Девочки от восторга захлопали в ладоши. Читра велела мне уложить их спать не позже девяти вечера, а потом они с отцом застегнули пальто и отправились веселиться. В первый раз в жизни они вышли куда-то вдвоем — думаю, я оказал им гораздо большую услугу, чем Рупе и Пью. Девочки сняли выходные туфли и как были, в колготках и нарядных платьях, уселись перед телевизором. Мы быстро прикончили пакет чипсов, передавая его по кругу, а потом я позвонил в пиццерию, сделал заказ и встал, чтобы поехать и забрать его.
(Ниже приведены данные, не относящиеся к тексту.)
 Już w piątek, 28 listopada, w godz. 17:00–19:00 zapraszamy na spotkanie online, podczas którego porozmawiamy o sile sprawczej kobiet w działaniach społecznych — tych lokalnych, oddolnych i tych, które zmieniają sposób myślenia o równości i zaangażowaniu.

Рупа и Пью уставились на меня круглыми глазами.
— Ты куда? — спросила Рупа.
— Забрать наш ужин.
— Ты что, оставишь нас в доме одних?
— Господи, да это же на десять минут. Не успеете оглянуться, как я уже вернусь.
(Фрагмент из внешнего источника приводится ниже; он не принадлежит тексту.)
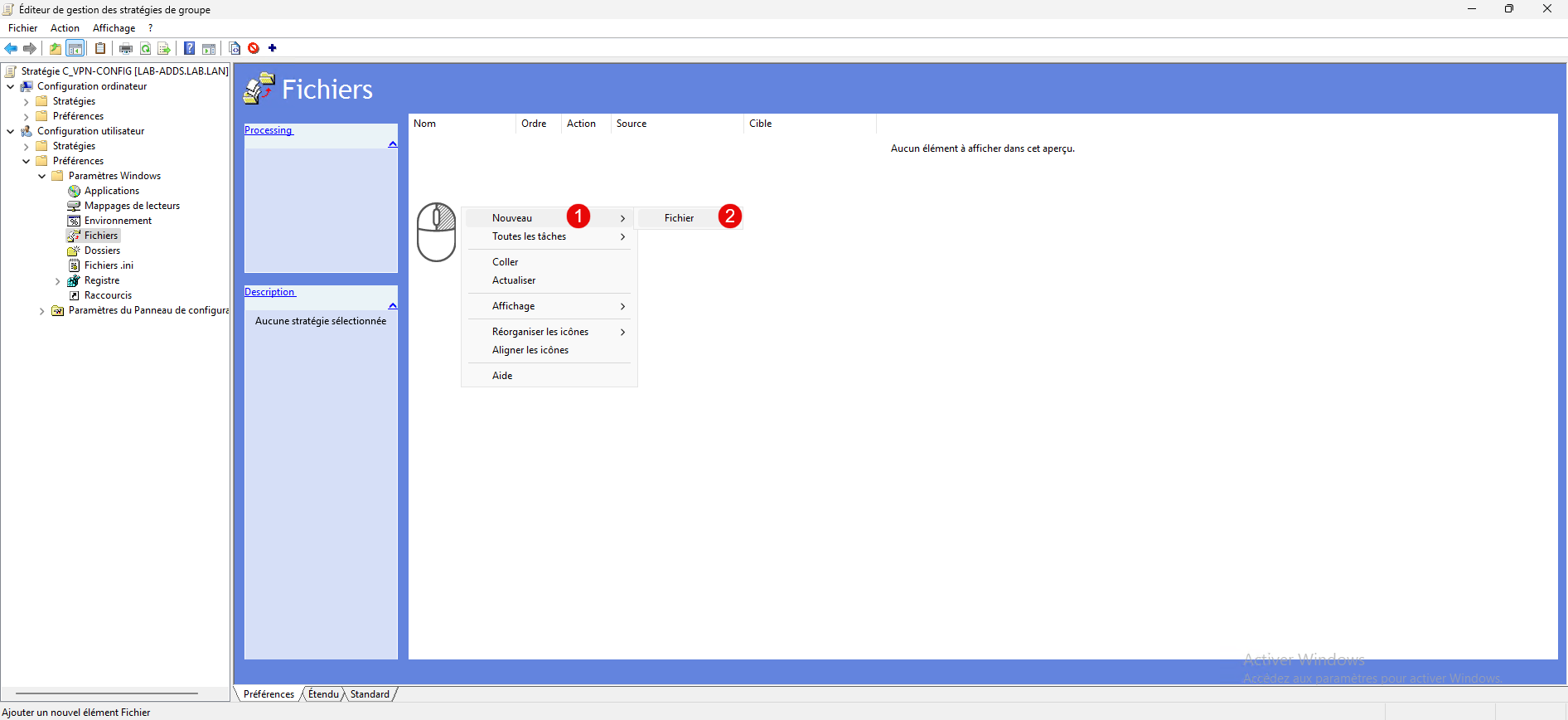 Ensuite depuis l’éditeur de stratégie de groupe, aller à l’emplacement suivant : Configuration utilisateur / Préférences / Paramètres Windows / Fichiers, faire un clic droit dans la zone centrale, aller sur Nouveau 1 et cliquer sur Fichier 2.

Они ничего не сказали, но так побледнели, что мне стало их жалко. Я разозлился на Читру — зачем она пугает детей?
— Ладно, поехали вместе, если хотите.
В результате мы съели нашу пиццу прямо в ресторане. Я выпил пива, выкурил несколько сигарет, а Рупа и Пью, делая друг другу большие глаза, пили колу через соломинку из высоких бокалов. Они опять начали приставать ко мне, чтобы я поехал в Диснейленд, и я сказал, что подумаю, просто чтобы они оставили меня в покое. Это расплывчатое обещание совершенно их успокоило. Когда мы вошли в дом, зазвонил телефон. Звонила Джессика, так что я налил себе виски и забрал телефон в гостевую комнату. Я рассказал Джессике об отцовских планах, и она тут же предложила приехать ко мне, пока дома никого не будет. Я скучал по ней, думал о ней и желал ее, но не мог представить ее в родительском доме. Я, конечно, не сказал ей этого, но она почувствовала, что я не спешу ее приглашать, и мы впервые поссорились. Странный разговор у нас получился, полный туманных намеков и обиженных пауз, он вымотал меня, так что в конце концов я сказал ей то же самое, что и девочкам: «Я подумаю» и повесил трубку.
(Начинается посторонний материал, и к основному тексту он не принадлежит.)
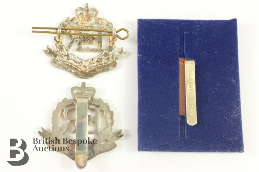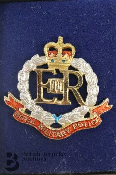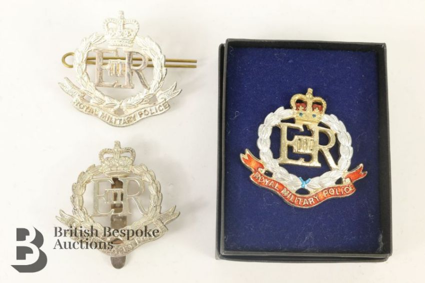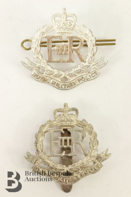 Two Military Police Officer's cap badges, ERII, one is hallmarked silver and the other silverplate.

Когда я вышел на кухню, чтобы налить себе еще виски, я увидел, что Рупы и Пью нет в гостиной, хотя я оставил их там перед телевизором. Я окликнул их, но они не отзывались, и тогда я пошел наверх, в свою бывшую комнату. Я посмотрел на часы — было уже около десяти вечера, и в комнате было тихо, так что я даже подумал, что они легли спать. Я приоткрыл дверь и в первый раз со времени моего приезда заглянул внутрь. Свет горел, моя кровать стояла на том же месте, что и раньше, но теперь к ней вплотную был придвинут низкий диванчик, служащий спальным местом второй из девочек. Они не тронули мои постеры «Роллинг Стоунз» и Джимми Хендрикса — даже знаменитая фотография Пола Стрэнда «Слепая»[15], которую я когда-то вырвал из журнала, так и висела в углу. Раздвижная дверца в стенной шкаф была открыта, а рядом с ней стояла табуретка, как будто девочки лазали туда. Я не увидел практически никаких следов пребывания в комнате Рупы и Пью — за исключением стопки игрушек, аккуратно сложенных в углу, да приставного дивана, комната выглядела точно так же, как когда я в ней жил. Девочки сидели на полу спиной ко мне, согнувшись над темно-серым ковровым покрытием пола, и рассматривали что-то, чего я не мог видеть от двери.
15
Портрет слепой нищенки, сделанный Полом Стрэндом (1890–1976) в 1916 году на улице Нью-Йорка и мгновенно ставший символом бескомпромиссной «новой американской фотографии».